Le regard des quatre adolescents reposait désormais sur l'amas que les gardes avaient négligemment jeté au sol. Des sanglots étouffés s'en échappait, les corps étant traversés de soubresauts incontrôlés. Oikua lâcha un couinement, une larme roulant silencieusement le long de sa joue. Elle l'avait reconnu. Le corps de sa jeune sœur reposait là, entremêlé avec celui d'autres personnes dont les visages lui étaient inconnus. Finalement, l'un des corps glissa doucement, révélant une petite femme rondelette. Oikua ne la connaissait pas, mais ce fut au tour d'Elwana de sursauter. Ses lèvres s'entrouvrirent alors qu'une exclamation s'en échappait.

- Maman Alvinya ?!

Un sursaut traversa le corps d'Alvinya avant qu'elle ne relève son visage baigné de larmes vers sa fille. Elle qui était d'habitude toujour joyeuse... Elwana ne l'avait jamais vue dans cet état. C'est à cet instant qu'elle remarqua qu'Alvinya tenait un corps serré contre elle. Le sang de la bleuté ne fit qu'un tour lorsqu'elle comprit de qui il s'agissait. Un cri de détresse franchit ses lèvres tandis qu'elle hurlait, les larmes dévalant sur son visage d'albâtre.

- Maman Aldéria !

Le corps inerte de sa mère reposait dans les bras d'Alvinya.
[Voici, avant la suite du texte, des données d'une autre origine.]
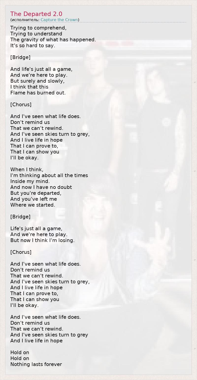А как ты думаешь, о чем песня "The Departed 2.0" ?

Tirant sur ses chaines à s'en faire saigner les poignets, elle essaya de se libérer. Tout n'était qu'un rêve, ça ne pouvait pas arriver... Pourtant, la vérité était bien là, dure et cruelle. Une lame de glace enfoncée dans le cœur.
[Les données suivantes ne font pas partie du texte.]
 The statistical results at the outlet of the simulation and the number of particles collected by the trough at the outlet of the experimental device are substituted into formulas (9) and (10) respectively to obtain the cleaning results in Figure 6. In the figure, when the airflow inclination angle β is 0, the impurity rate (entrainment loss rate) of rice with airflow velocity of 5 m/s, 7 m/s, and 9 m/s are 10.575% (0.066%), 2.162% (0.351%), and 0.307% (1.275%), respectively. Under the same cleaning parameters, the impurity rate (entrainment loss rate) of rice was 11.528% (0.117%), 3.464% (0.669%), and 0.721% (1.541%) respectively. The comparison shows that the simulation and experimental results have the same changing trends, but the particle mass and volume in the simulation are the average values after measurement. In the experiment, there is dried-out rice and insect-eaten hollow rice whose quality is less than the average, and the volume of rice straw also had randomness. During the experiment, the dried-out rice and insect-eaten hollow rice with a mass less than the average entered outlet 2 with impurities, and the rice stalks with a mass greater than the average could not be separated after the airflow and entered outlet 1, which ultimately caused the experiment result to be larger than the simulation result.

Finalement, ce fut au tour de Laith et Uikios de découvrir cette vérité sanglante. Le corps d'une petite fille, gisait contre celui encore tremblant d'Alvinya. Le liquide vermeille s'écoulait d'une plaie béante qui traversait son cou potelé. Ses yeux, vitreux, ne reflétaient plus que la mort elle-même. Laith reconnu là une de ses élèves. Une enfant calme et sans histoire. Une fillette qui ne méritait pas ce sort. Les larmes refusèrent de couler tandis que des soubresauts s'emparaient de son corps. La mort ne le quitterais alors jamais... Aux côtés de la jeune enfant, pliée dans une posture improbable, reposait celui d'une jeune femme a la longue chevelure d'argent. Uikios fut saisi d'un tremblement compulsif tandis que ses yeux s'écarquillaient. Un hoquet franchit ses lèvres suivit d'un gémissement plaintif alors qu'il fermait les yeux fortement.

- N...non...

Alors que seuls les sanglots des quatres adolescents retentissaient dans l'immonde cachot, une clameur s'éleva au dehors. La porte s'ouvrit soudainement sur une jeune fille. Sa peau était si pâle qu'elle semblait translucide, et la lumière du feu traversait ses vêtements déchirés. Ses longs cheveux blancs tombaient au creux de ses reins et encadraient un visage qui, si il n'avait pas été couvert de tuméfaction, aurait put être digne d'un être féerique. Elle devait n'être qu'une enfant, son corps ne possédant aucunes formes proéminentes. Alors qu'elle tendait lentement une main maigre vers eux, ses lèvres s'entrouvrèrent pour laisser passer un mince filet de voix. Elle récita quelques paroles incompréhensibles et des symboles cabalistiques apparurent autour des chaînes noircies qui retenaient les compagnons d'infortune prisonniers. Une explosion retentit tandis que leurs liens se brisaient dans un bruit effroyable.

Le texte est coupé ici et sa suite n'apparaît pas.